Hi all,<p>I'm doing a startup and I feel we need to establish a basis for equity distribution before we get too deep into the project. My partner is hesitant to sign a formal agreement before we get a good sense of who's putting in the most work, as we're all still in school in different places in the world. Would it be possible to sign an agreement that would establish a basic range of equity: like no one partner can get less than X percentage until we are about to get funding and sign an official agreement?<p>He's insisting we wait, but perhaps if we get something in writing it would be something that could hold up in court. I trust my partners - I do - but I think it's wise to establish something from the very start.
======
michaelperalta
The difficulty I see here, if you're not incorporating officially, is that you
are assigning equity on future actions that neither of you know what the value
will be.

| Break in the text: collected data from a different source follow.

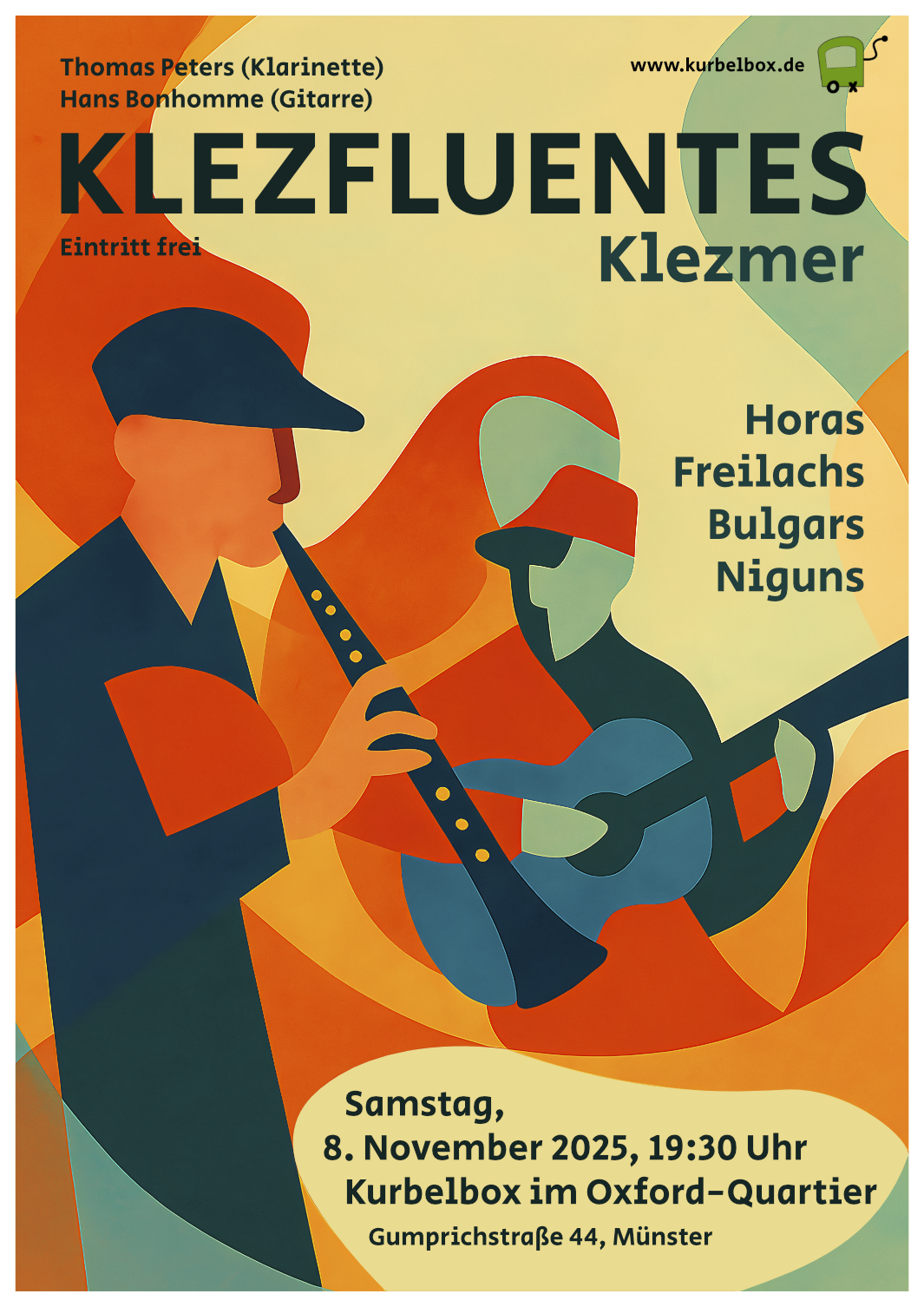 Thomas Peters an Klarinette und Saxophon und Hans Bonhomme an der Gypsy-Gitarre spielen in minimalistischer Besetzung jüdische Musik.
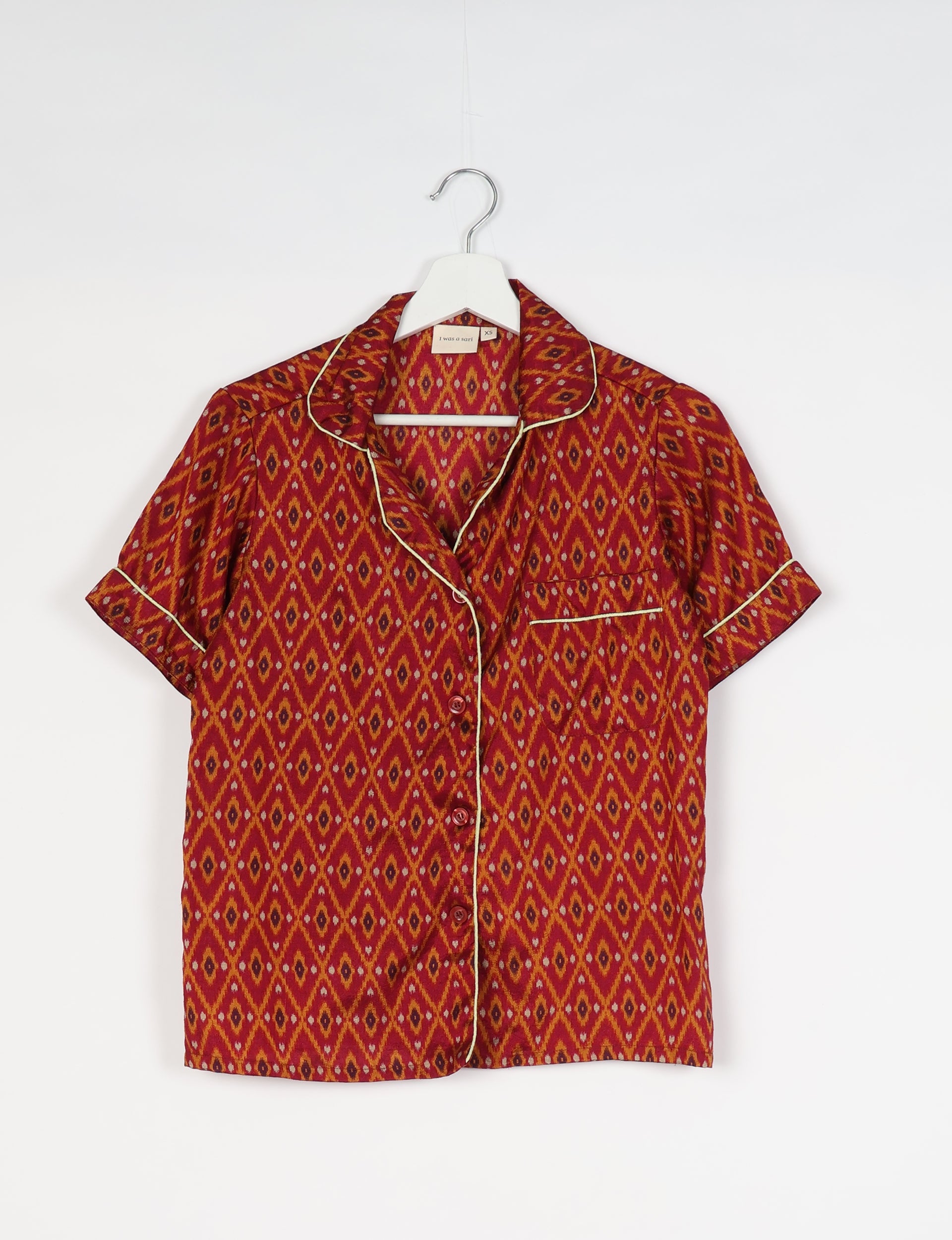 Two-piece nightwear set including a short-sleeved shirt and elasticated shorts. The shirt features a notched collar, front button closure with buttons, and a single chest pocket with contrast trim detail. The shorts have an elasticated waistband and contrast hem cuffs. Lighting and screens may cause slight variations in color appearance.
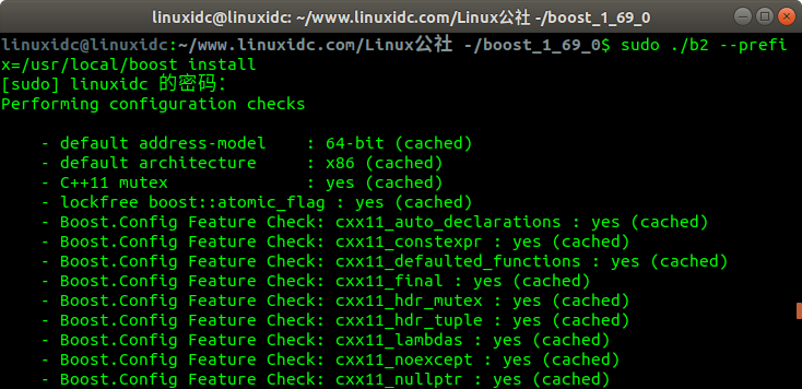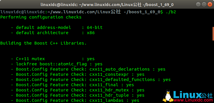 linuxidc@linuxidc:~/www.linuxidc.com/Linux公社 -/boost_1_69_0$ ./b2
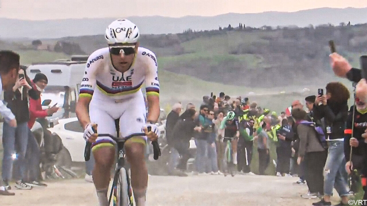 Hij doet het opnieuw op de Monte Sante Marie: Paul Seixas spartelt tegen, maar Tadej Pogacar vat solo van 78 kilometer aan
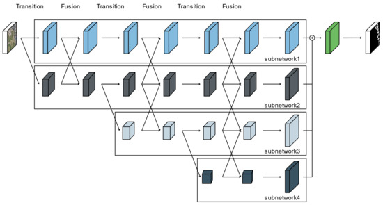 The HRNet-v2 model was developed to estimate human poses in high-resolution images [44]. Most deep learning networks for semantic segmentation include a process of spatial downsampling for the extraction of features from an image, followed by a restoration process to recover the original spatial resolution [9,10,11,12,13,14,15]. In contrast, HRNet-v2 consists of subnetworks based on images decomposed into multiple spatial resolutions in parallel, and the feature maps are constructed by repeatedly using modules to fuse the outputs of the subnetworks [44,45]. As shown in Figure 1, HRNet-v2 is composed of transition and fusion modules based on subnetworks formed of residual blocks. In the transition process, to learn and extract more comprehensive features, a subnetwork in which the number of channels is doubled but the resolution of the feature map is halved is added on the basis of the subnetwork with the smallest spatial resolution. In each subnetwork, a ResNet structure composed of a 3 × 3 convolutional layer, batch normalization, rectified linear unit (ReLU) activation, and a skip connection is applied. A fusion module is then applied to exchange the information among the multiresolution layers generated by the transition module. The features of each subnetwork are fused by adjusting the spatial resolution and the number of channels to those of the standard subnetwork [44]. Finally, the multiresolution layers of the final fusion module are concatenated, and then the output is determined by a convolutional layer.
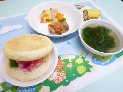 初登場のイングリッシュマフィンにはポテトサラダをのせて紫陽花を作りました

What I mean by that is that say for instance he is given 60% equity
with the idea in mind that he will do x amount of work. If three months down
the road you think he's not doing x amount will you feel satisfied in giving
this type of equity. I understand you do not want to be taken advantage of in
this scenario as much of the benefit from a start up is gained in the equity
but attempting to decide the equity decision so early on especially if neither
of you is bringing something particularly unique and/or valuable to the
equation is difficult. For that reason I agree with your partner in that you
are probably better of waiting until later on to decide the equity split. As
long as you have the general agreement that you are both in a partnership and
are going to execute on whatever idea I believe the equity question will more
or less work itself out as the work is completed.